GIVEN DATA>
══════
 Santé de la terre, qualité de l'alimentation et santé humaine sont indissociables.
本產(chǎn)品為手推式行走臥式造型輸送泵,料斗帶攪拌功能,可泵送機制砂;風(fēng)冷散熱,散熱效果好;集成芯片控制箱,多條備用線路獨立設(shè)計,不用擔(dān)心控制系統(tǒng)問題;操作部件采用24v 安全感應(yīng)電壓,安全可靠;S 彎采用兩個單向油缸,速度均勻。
══════
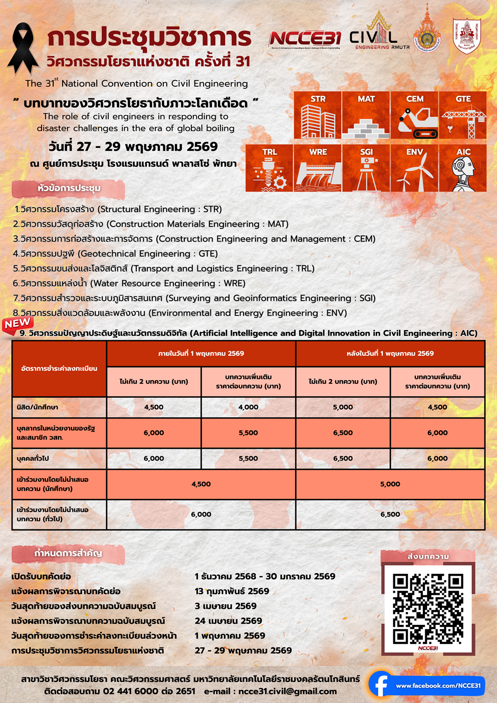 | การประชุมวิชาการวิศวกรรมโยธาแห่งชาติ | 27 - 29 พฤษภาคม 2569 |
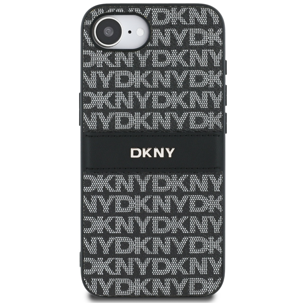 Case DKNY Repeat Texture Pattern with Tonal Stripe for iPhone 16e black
══════
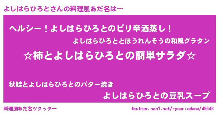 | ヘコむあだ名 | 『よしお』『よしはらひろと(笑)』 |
══════
Among the entries above, find the line with "พฤษภาคม 2569 |" and repeat exactly from there through the line with "Case DKNY Repeat", leaving out the pictures.

EXPECTED OUTPUT>
 | การประชุมวิชาการวิศวกรรมโยธาแห่งชาติ | 27 - 29 พฤษภาคม 2569 |
 Case DKNY Repeat Texture Pattern with Tonal Stripe for iPhone 16e black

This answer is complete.